START Records for processing

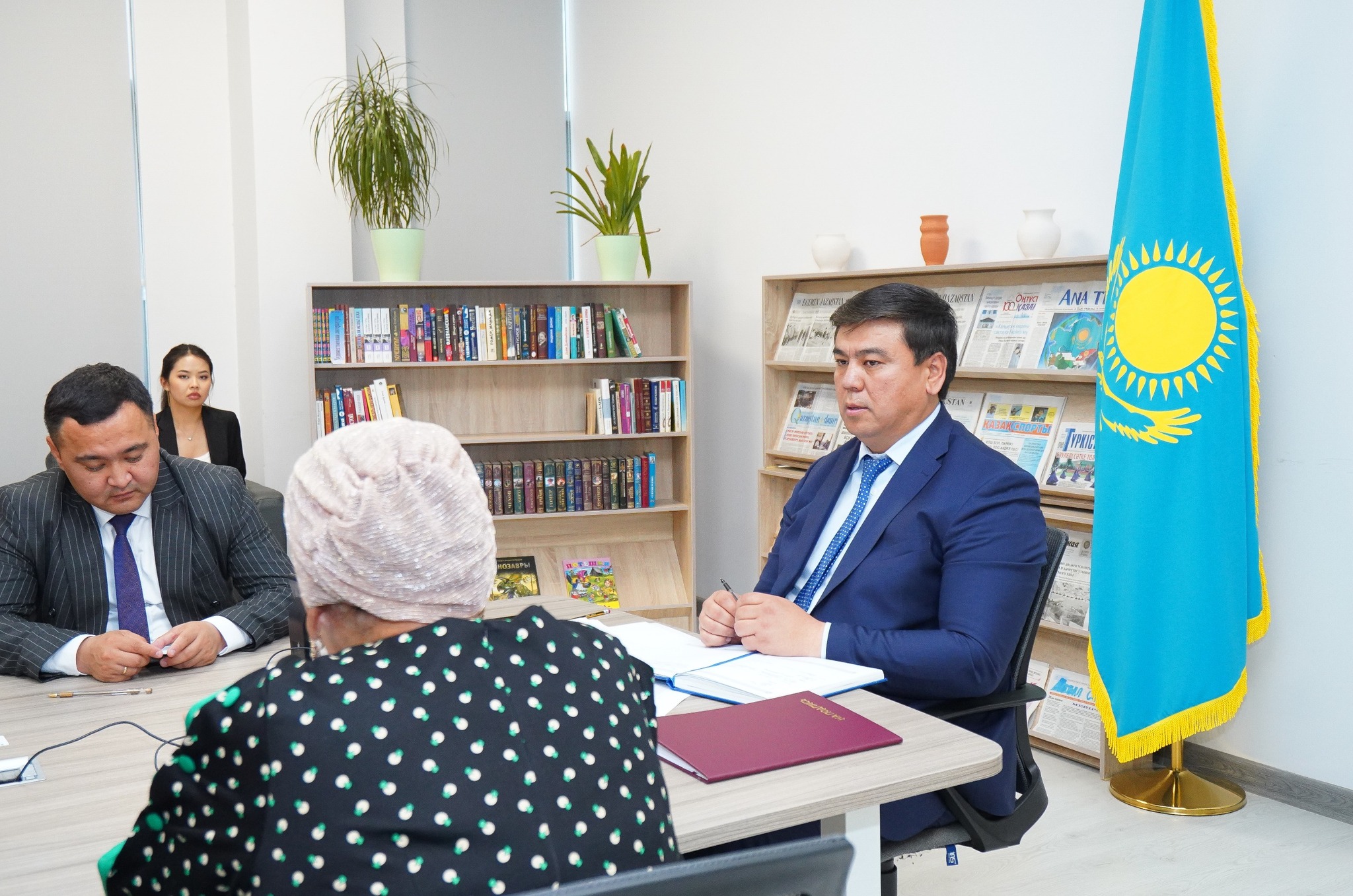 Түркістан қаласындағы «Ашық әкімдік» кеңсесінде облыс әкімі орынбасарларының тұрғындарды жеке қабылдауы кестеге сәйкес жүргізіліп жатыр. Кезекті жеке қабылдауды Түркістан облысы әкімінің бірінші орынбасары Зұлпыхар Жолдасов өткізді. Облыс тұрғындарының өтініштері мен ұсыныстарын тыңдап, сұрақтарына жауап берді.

END Records for processing
START Records for processing

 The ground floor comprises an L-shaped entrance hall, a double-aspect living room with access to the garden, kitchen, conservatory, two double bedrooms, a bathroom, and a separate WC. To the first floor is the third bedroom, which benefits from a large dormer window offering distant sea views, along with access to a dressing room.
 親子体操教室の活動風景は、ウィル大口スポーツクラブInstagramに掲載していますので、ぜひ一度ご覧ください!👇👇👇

END Records for processing
START Records for processing

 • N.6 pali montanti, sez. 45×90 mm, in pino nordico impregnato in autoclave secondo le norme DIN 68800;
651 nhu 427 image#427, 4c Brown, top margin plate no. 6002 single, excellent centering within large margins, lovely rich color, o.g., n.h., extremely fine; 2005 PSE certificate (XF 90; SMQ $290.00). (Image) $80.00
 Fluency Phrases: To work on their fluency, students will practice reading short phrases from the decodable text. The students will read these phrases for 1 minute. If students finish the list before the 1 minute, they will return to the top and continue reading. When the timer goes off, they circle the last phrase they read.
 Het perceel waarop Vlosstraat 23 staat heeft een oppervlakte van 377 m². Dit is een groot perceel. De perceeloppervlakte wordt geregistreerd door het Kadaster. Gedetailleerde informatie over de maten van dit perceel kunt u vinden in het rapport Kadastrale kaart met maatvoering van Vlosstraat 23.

END Records for processing

What is expected:
Copy word for word the stretch of entries above from the line that has "651 nhu 427" through the line that has "Het perceel waarop", both ends included, and nothing outside it.

Response to the task:
651 nhu 427 image#427, 4c Brown, top margin plate no. 6002 single, excellent centering within large margins, lovely rich color, o.g., n.h., extremely fine; 2005 PSE certificate (XF 90; SMQ $290.00). (Image) $80.00
 Fluency Phrases: To work on their fluency, students will practice reading short phrases from the decodable text. The students will read these phrases for 1 minute. If students finish the list before the 1 minute, they will return to the top and continue reading. When the timer goes off, they circle the last phrase they read.
 Het perceel waarop Vlosstraat 23 staat heeft een oppervlakte van 377 m². Dit is een groot perceel. De perceeloppervlakte wordt geregistreerd door het Kadaster. Gedetailleerde informatie over de maten van dit perceel kunt u vinden in het rapport Kadastrale kaart met maatvoering van Vlosstraat 23.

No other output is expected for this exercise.